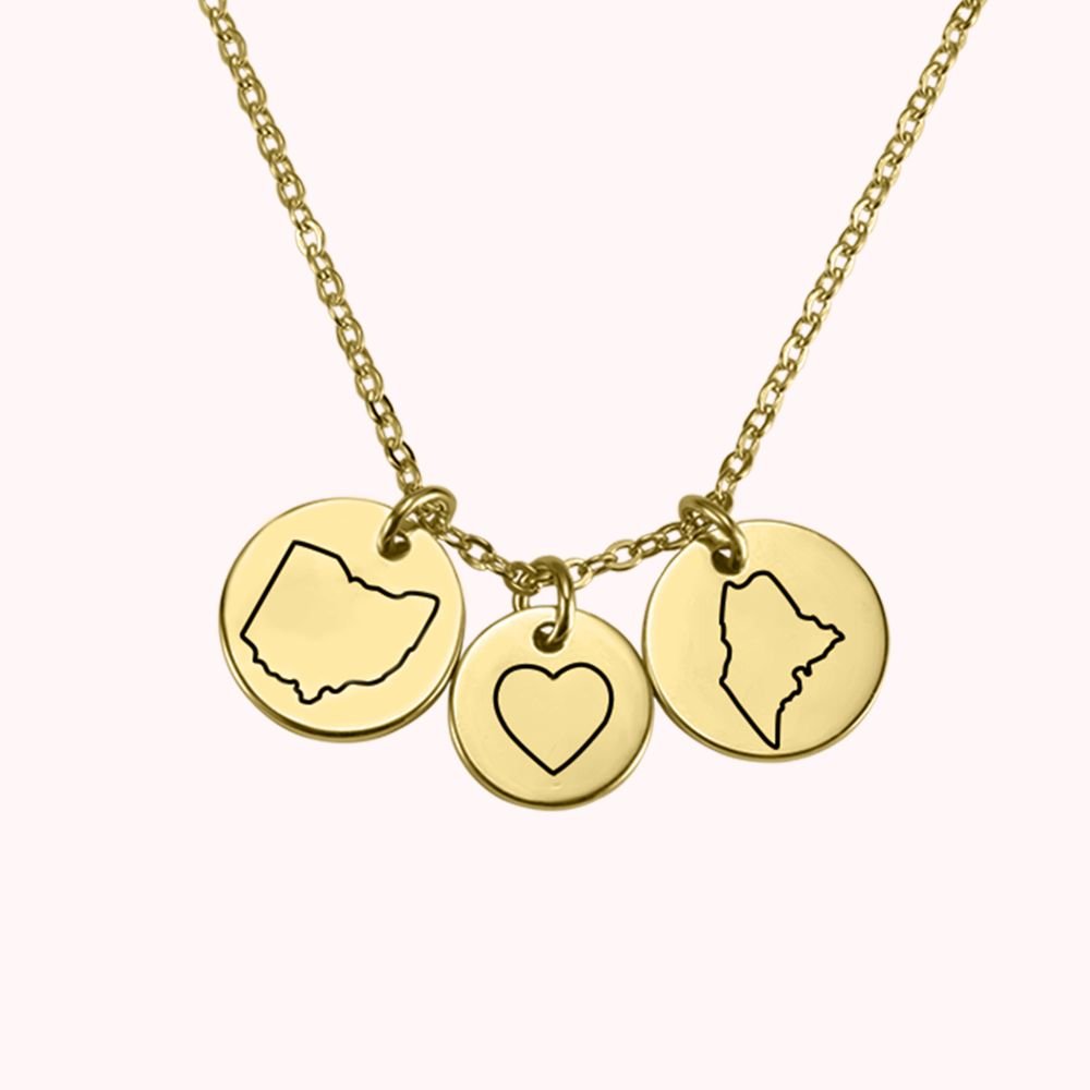 • Deux états liés à un cœur, cadeau parfait pour le meilleur ami ou l'amant. Gravure de la carte des états montrant l'unicité de vous deux.
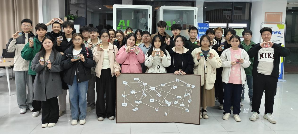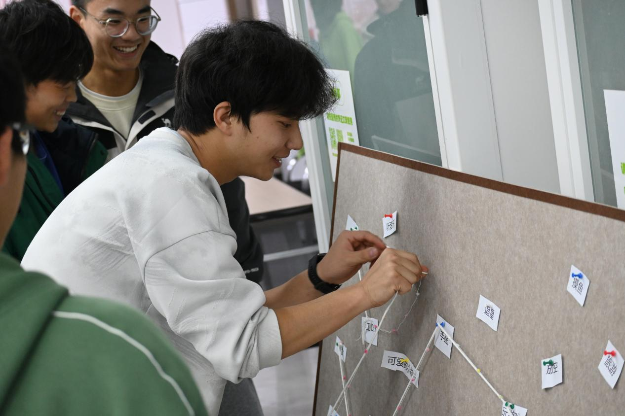 活动伊始,闫春泽详细介绍了各环节的活动规则与设计理念,引导同学们以开放的心态投入体验。在志愿者的引导下,“毛线缠绕”环节率先拉开帷幕。现场摆放着写有“运动”“阅读”“桌游”“编程”等各类课外活动名词的卡片,同学们手持彩色毛线,在自己感兴趣的名词卡片间穿梭缠绕,丝线交织的瞬间,不仅串联起共同的兴趣爱好,更自然调动了现场的交流氛围。大家围绕卡片上的话题畅所欲言,分享自己的课余生活与兴趣感悟,在轻松的互动中逐步敞开心扉,打破陌生感与隔阂感。
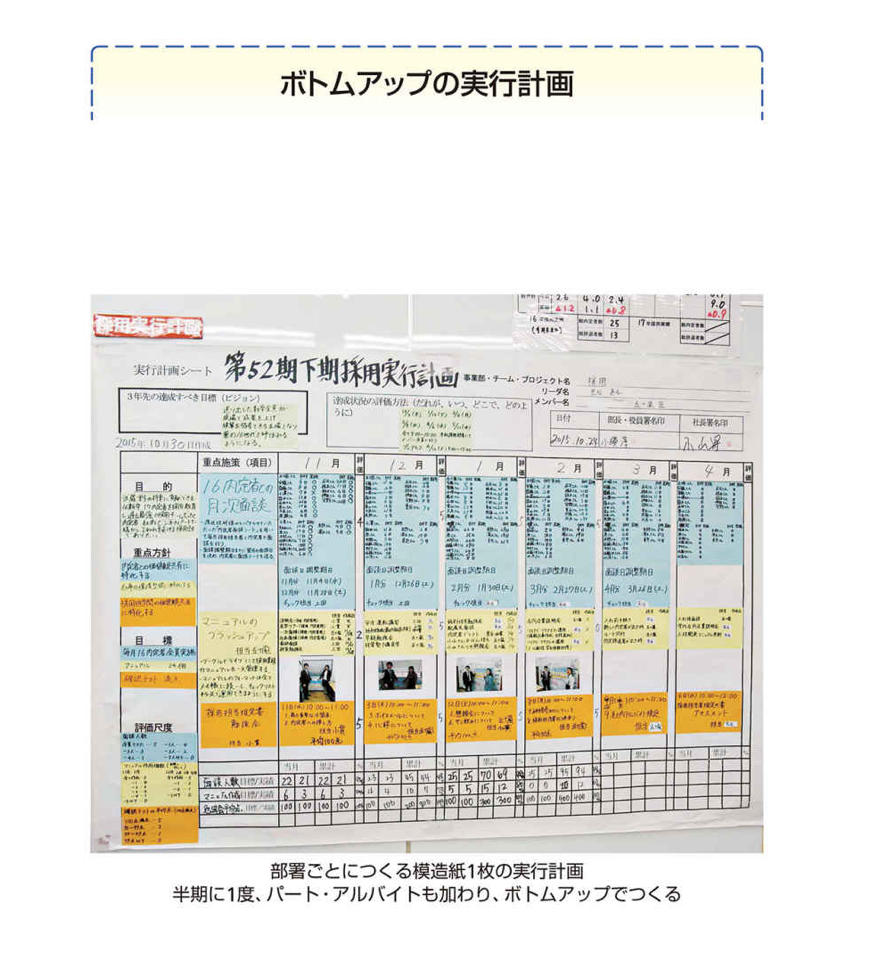 会社の方針は、私と幹部が「経営計画書」を通じて示します。方針に基づく部署ごとの計画は、現場の社員とパート・アルバイトのスタッフが、ボトムアップで完成させます。

◆ **PROBLEM TO WORK ON**: Would you provide an exact, picture-free copy of the data above?

◆ **ANSWER AREA**:
 • Deux états liés à un cœur, cadeau parfait pour le meilleur ami ou l'amant. Gravure de la carte des états montrant l'unicité de vous deux.
 活动伊始,闫春泽详细介绍了各环节的活动规则与设计理念,引导同学们以开放的心态投入体验。在志愿者的引导下,“毛线缠绕”环节率先拉开帷幕。现场摆放着写有“运动”“阅读”“桌游”“编程”等各类课外活动名词的卡片,同学们手持彩色毛线,在自己感兴趣的名词卡片间穿梭缠绕,丝线交织的瞬间,不仅串联起共同的兴趣爱好,更自然调动了现场的交流氛围。大家围绕卡片上的话题畅所欲言,分享自己的课余生活与兴趣感悟,在轻松的互动中逐步敞开心扉,打破陌生感与隔阂感。
 会社の方針は、私と幹部が「経営計画書」を通じて示します。方針に基づく部署ごとの計画は、現場の社員とパート・アルバイトのスタッフが、ボトムアップで完成させます。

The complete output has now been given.